Your camera will display a variety of Apertures, IE. 4, 5.6, 8, 11, 16, 22, and so on. Each of those numbers is going to relate to a specific opening inside your lens, called an _f_-stop (_f_/4, _f_/11, _f_/16, etc). The whole purpose of these _f_-stops is to control the amount of light that reaches your sensor or film during the exposure.
The smaller the f-stop number, the LARGER the opening. The larger the _f_-stop number, the SMALLER the opening.
Where does this _f_-stop stuff come from? Well _f_= Focal length (of your lens), the / means you divide by, and the number means the stop in use. So, a 35mm lens at _f_/1.8 would have a aperture opening of 19.4mm... Make sense?

Each time you drop down from one _f_/stop to the next (_f_/4 - _f_/5.6), you cut the light hitting the medium in half, and if you go the other way (_f_/8 - _f_/5.6) you double it. Now most cameras offer 1/3rd stop intervals as well, you will see this when adjusting your Aperture..... *f/4*, _f_/4.5, _f_/5,* f/5.6*, _f_/6.3, _f_/7.1, *f/8*, _f_/9, _f_/10, *f/11*, _f_/13, etc....(bold is basic full stops).

Now besides changing how much light is allowed to enter and hit your sensor, the size of the Aperture determines the DEPTH OF FIELD for a photo. A smaller Numerical f/stop value and larger Aperture like f/1.4, has a SHALLOW depth of field whereas a larger f/stop Numerical value and smaller Aperture like f/22 had a larger depth of field.

So if you have a subject on a field that's 10 ft away and you set your Aperture to f/1.4 (or your lowest) and shoot them, you will notice how everything leading up to them in the foreground is blurry, with them in focus, and then everything behind them blurry. This is selective focus and we will talk more about it later. NOW on the opposite side of that, if you set your aperture to F/22 and shoot them again you will have more of the photo in focus. This is a storytelling Aperture and is good when you have a background or foreground that you feel will enhance a photograph.

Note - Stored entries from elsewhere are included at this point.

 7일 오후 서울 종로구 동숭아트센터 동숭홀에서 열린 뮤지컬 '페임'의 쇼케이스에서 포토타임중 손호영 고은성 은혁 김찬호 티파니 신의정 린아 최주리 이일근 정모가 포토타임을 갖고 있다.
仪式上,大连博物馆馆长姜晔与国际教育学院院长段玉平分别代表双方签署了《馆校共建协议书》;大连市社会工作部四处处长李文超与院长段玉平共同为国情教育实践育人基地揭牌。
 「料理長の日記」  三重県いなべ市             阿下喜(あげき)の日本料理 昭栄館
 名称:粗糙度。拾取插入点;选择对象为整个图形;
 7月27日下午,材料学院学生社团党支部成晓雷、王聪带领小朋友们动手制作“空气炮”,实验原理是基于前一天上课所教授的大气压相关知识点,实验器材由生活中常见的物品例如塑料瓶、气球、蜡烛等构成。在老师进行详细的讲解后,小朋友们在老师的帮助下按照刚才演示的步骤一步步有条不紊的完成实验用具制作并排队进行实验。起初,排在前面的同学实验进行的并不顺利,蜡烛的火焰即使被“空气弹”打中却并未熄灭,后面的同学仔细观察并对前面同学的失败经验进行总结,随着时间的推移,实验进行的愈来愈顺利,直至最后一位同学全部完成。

Same Shutter Speed, just adjusting the ISO to compensate your the smaller Aperture:

f/5.6 1/50 ISO 200






f/8 1/50 ISO400





f/11 1/50 ISO640





f/16 1/50 ISO 1250





f/22 1/50 ISO 3200





f/29 1/50 ISO Hi.3









*Shutter Speed-*

So with the different models of cameras out there, we have different capabilities as far as shutter speed go. We can go from 1/8000th of a second, down to 30 seconds, or BULB (gives you the ability to open and shut the shutter using a remote -ideally).
The Shutter and Aperture work together, the shutter is what is opening to allow the light hit the sensor, and the aperture is what is controlling the AMOUNT of light hitting the sensor.
We have the same halving or doubling that we had with Aperture, here with Shutter speed. For example if you go from 1/1000th of a second to 1/500th, you have cut the shutter speed in half, or if going the opposite, you've doubled it; 1 full stop.... As with Aperture, you also have 1/3rd stops which are there to give you the ability to really dial in your exposure.

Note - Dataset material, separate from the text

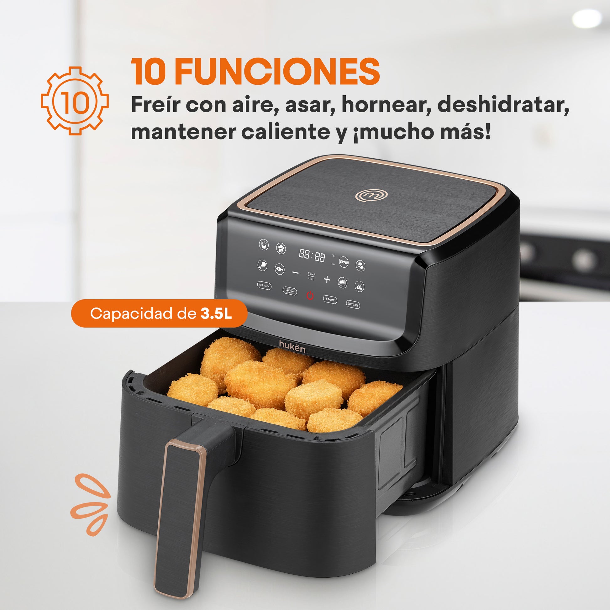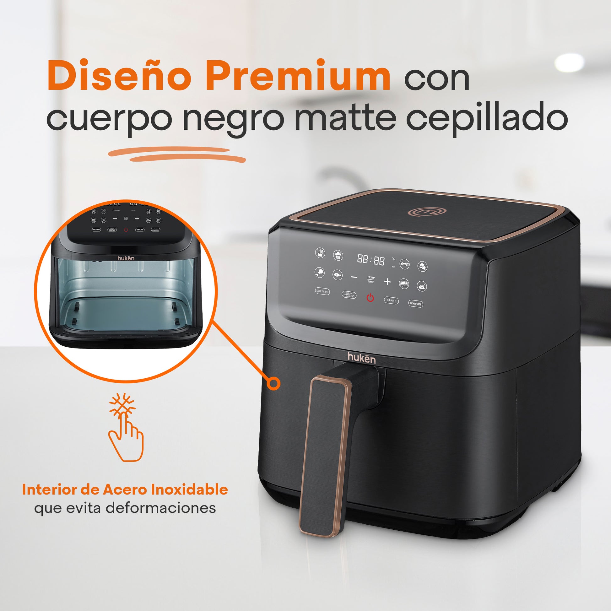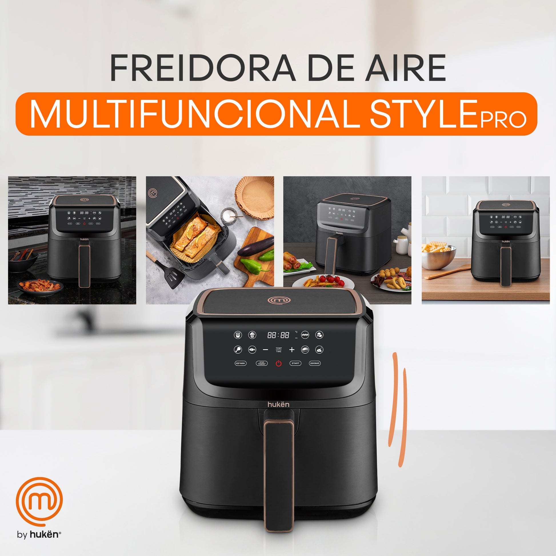 Freidora de Aire StylePro 3.5L | Panel Touch Digital con Pantalla LED | 10 Funciones | Precalienta y Gira Automático | Interior Acero Inoxidable | Control 35°C a 200°C | Hukën x MasterChef

*Shutter speeds and what they do:*
1/4000 to 1/2000.......... Stop a Hummingbirds wings
1/1000 to 1/500............ Freeze a human running and most athletes
1/250 to 1/60............... Stop most daily movement and handheld blur safe
1/30 to 1/8.................. Blur motion (camera should be on a tripod)
1/2 to long time............ Dark scenes, night time, etc (tripod only)

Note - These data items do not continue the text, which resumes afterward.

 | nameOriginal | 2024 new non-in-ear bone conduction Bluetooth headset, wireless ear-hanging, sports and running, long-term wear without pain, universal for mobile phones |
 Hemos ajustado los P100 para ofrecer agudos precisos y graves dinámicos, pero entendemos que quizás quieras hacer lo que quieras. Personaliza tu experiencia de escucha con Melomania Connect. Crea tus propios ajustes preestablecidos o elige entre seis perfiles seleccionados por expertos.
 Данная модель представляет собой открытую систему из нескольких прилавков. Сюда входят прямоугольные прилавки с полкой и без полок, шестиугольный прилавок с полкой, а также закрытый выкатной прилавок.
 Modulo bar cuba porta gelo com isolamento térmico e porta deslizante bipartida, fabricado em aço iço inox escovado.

*ISO (International Organization for Standardization)-*

ISO is basically your Image Sensors, sensitivity to light, or your film speed in traditional cameras.
With digital cameras we generally have a range from 50-3200. 
** So lets say we both have the same camera setup, you set your camera to ISO 200, f/5.6 and to obtain a correct exposure, your cameras light meter tells you to set your shutter speed to 1/250... now I set my camera to the same f/stop- f/5.6, then change the ISO to 100 and meter the same subject, my camera tells me that in order to get the correct exposure I need 1/125th of a second. Thats a one stop difference because your cameras sensor was twice a sensitive as mine, allowing a faster shutter for the same exposure.

LAB:
Now if you want to try this out, grab your camera and go into manual mode, set your ISO at 200, and f/8. Now point the camera at something in the room and adjust the shutter speed until your light meter tells you that you have a correct exposure (now write that down). Go back into your menu and change your ISO to 400 and point it back on that same subject in the room and adjust your shutter speed to get the correct exposure (write it down again), and now do the same thing with ISO 800.....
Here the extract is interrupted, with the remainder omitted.